▶ [PROBLEM DETAILS]: Repeat the listing word for word, but skip any pictures.

Start of DATA

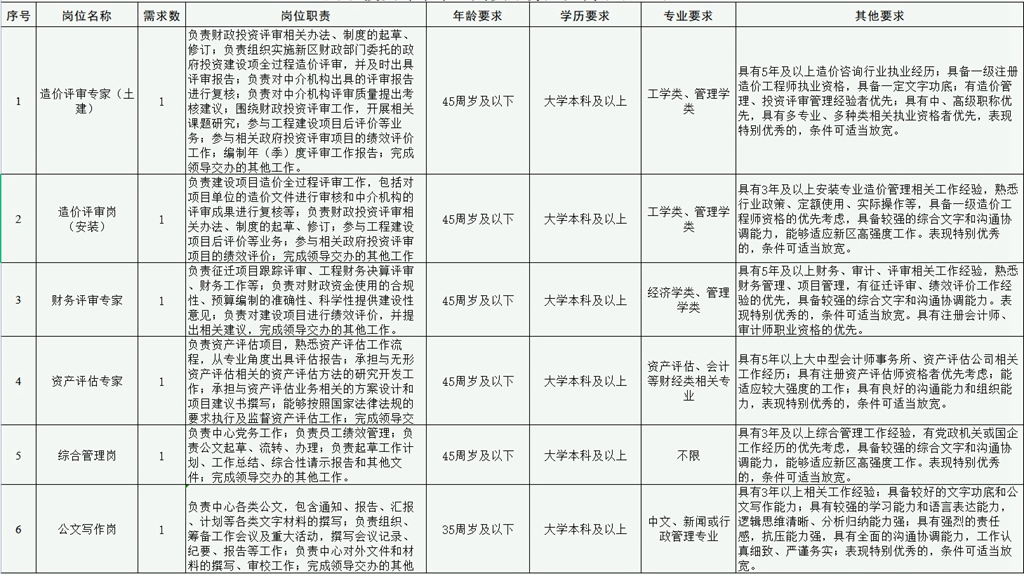 河北京雄政务服务外包有限公司根据工作需要,现面向社会公开招聘6名业务外包员工,派驻至雄安新区有关部门工作,工作地点在雄安新区,从事综合文字、财务审核、造价审核、固定资产评估等相关工作。
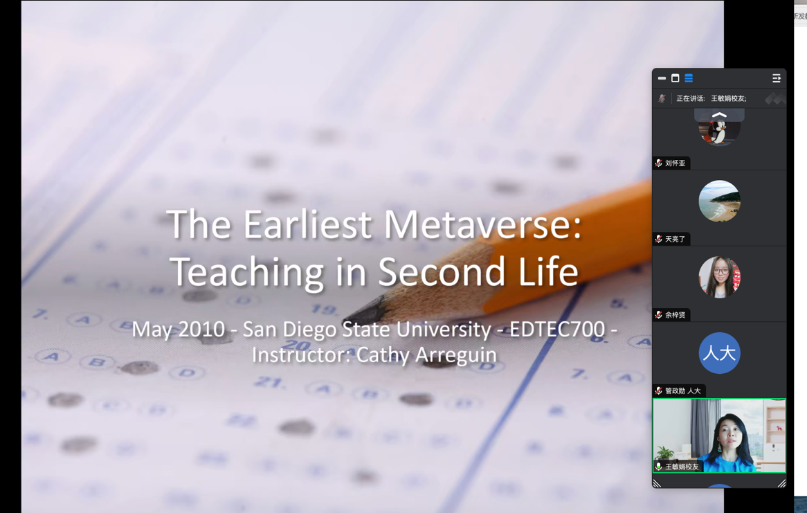 2023年12月12日下午,北大教育论坛第280讲在腾讯会议线上举行。美国加州圣地亚哥州立大学学习设计与技术系(LDTech) 终身教授王敏娟应邀报告,题目为《元宇宙与生成式人工智能工具在教学中的应用》。本次讲座由教育技术系主任贾积有教授主持。来自北京大学和海内外其他高校的200余位师生听取了报告。
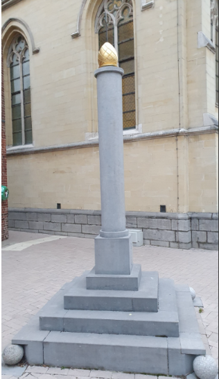 - De perroen, nabij de kerk en het oude stadhuis.
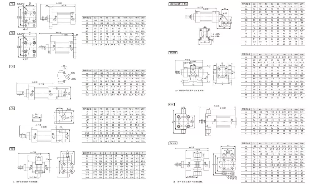 Pnevmatski cilinder SU in zračni cilinder SI ni mogoče zamenjati, dodatki (CA /pogosta vprašanja:,FA-prirobnice,TC-M, sklepne glave) niso združljivi
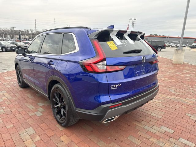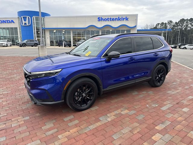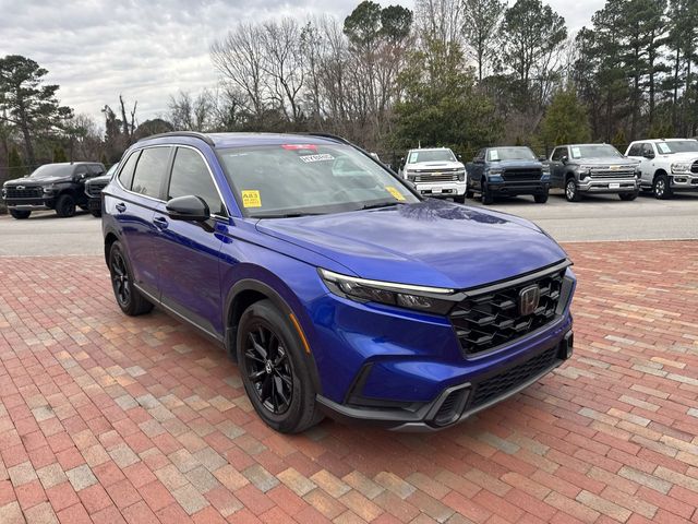 Recent Arrival! CARFAX One-Owner. Certified. 2023 Honda CR-V Hybrid Sport Sport Blue 4D Sport Utility 2.0L I4 DOHC 16V eCVT FWD This vehicle comes well equipped with 4-Wheel Disc Brakes, 4.438 Axle Ratio, 6 Speakers, ABS brakes, Adaptive Cruise Control: Adaptive Cruise Control (ACC) with Low-Speed Follow, Air Conditioning, Alloy wheels, Apple CarPlay/Android Auto, Auto High-beam Headlights, Automatic temperature control, Brake assist, Bumpers: body-color, Cloth Seat Trim, Compass, Delay-off headlights, Driver door bin, Driver vanity mirror, Dual front impact airbags, Dual front side impact airbags, Electronic Stability Control, Exterior Parking Camera Rear, Four wheel independent suspension, Front anti-roll bar, Front Bucket Seats, Front Center Armrest, Front dual zone A/C, Front reading lights, Fully automatic headlights, Heated door mirrors, Heated Front Bucket Seats, Heated front seats, Illuminated entry, Knee airbag, Leather Shift Knob, Leather steering wheel, Low tire pressure warning, Occupant sensing airbag, Outside temperature display, Overhead airbag, Overhead console, Panic alarm, Passenger door bin, Passenger vanity mirror, Power door mirrors, Power driver seat, Power moonroof, Power steering, Power windows, Radio data system, Radio: 240-Watt AM/FM Audio System, Rear anti-roll bar, Rear reading lights, Rear seat center armrest, Rear side impact airbag, Rear window defroster, Rear window wiper, Remote keyless entry, Security system, Speed control, Speed-sensing steering, Speed-Sensitive Wipers, Split folding rear seat, Spoiler, Steering wheel mounted audio controls, Telescoping steering wheel, Tilt steering wheel, Traction control, Trip computer, Turn signal indicator mirrors, Variably intermittent wipers, and Wheels: 18" Berlina Black Alloy.

End of DATA

▶ [RESPONSE BELOW]:
 河北京雄政务服务外包有限公司根据工作需要,现面向社会公开招聘6名业务外包员工,派驻至雄安新区有关部门工作,工作地点在雄安新区,从事综合文字、财务审核、造价审核、固定资产评估等相关工作。
 2023年12月12日下午,北大教育论坛第280讲在腾讯会议线上举行。美国加州圣地亚哥州立大学学习设计与技术系(LDTech) 终身教授王敏娟应邀报告,题目为《元宇宙与生成式人工智能工具在教学中的应用》。本次讲座由教育技术系主任贾积有教授主持。来自北京大学和海内外其他高校的200余位师生听取了报告。
 - De perroen, nabij de kerk en het oude stadhuis.
 Pnevmatski cilinder SU in zračni cilinder SI ni mogoče zamenjati, dodatki (CA /pogosta vprašanja:,FA-prirobnice,TC-M, sklepne glave) niso združljivi
 Recent Arrival! CARFAX One-Owner. Certified. 2023 Honda CR-V Hybrid Sport Sport Blue 4D Sport Utility 2.0L I4 DOHC 16V eCVT FWD This vehicle comes well equipped with 4-Wheel Disc Brakes, 4.438 Axle Ratio, 6 Speakers, ABS brakes, Adaptive Cruise Control: Adaptive Cruise Control (ACC) with Low-Speed Follow, Air Conditioning, Alloy wheels, Apple CarPlay/Android Auto, Auto High-beam Headlights, Automatic temperature control, Brake assist, Bumpers: body-color, Cloth Seat Trim, Compass, Delay-off headlights, Driver door bin, Driver vanity mirror, Dual front impact airbags, Dual front side impact airbags, Electronic Stability Control, Exterior Parking Camera Rear, Four wheel independent suspension, Front anti-roll bar, Front Bucket Seats, Front Center Armrest, Front dual zone A/C, Front reading lights, Fully automatic headlights, Heated door mirrors, Heated Front Bucket Seats, Heated front seats, Illuminated entry, Knee airbag, Leather Shift Knob, Leather steering wheel, Low tire pressure warning, Occupant sensing airbag, Outside temperature display, Overhead airbag, Overhead console, Panic alarm, Passenger door bin, Passenger vanity mirror, Power door mirrors, Power driver seat, Power moonroof, Power steering, Power windows, Radio data system, Radio: 240-Watt AM/FM Audio System, Rear anti-roll bar, Rear reading lights, Rear seat center armrest, Rear side impact airbag, Rear window defroster, Rear window wiper, Remote keyless entry, Security system, Speed control, Speed-sensing steering, Speed-Sensitive Wipers, Split folding rear seat, Spoiler, Steering wheel mounted audio controls, Telescoping steering wheel, Tilt steering wheel, Traction control, Trip computer, Turn signal indicator mirrors, Variably intermittent wipers, and Wheels: 18" Berlina Black Alloy.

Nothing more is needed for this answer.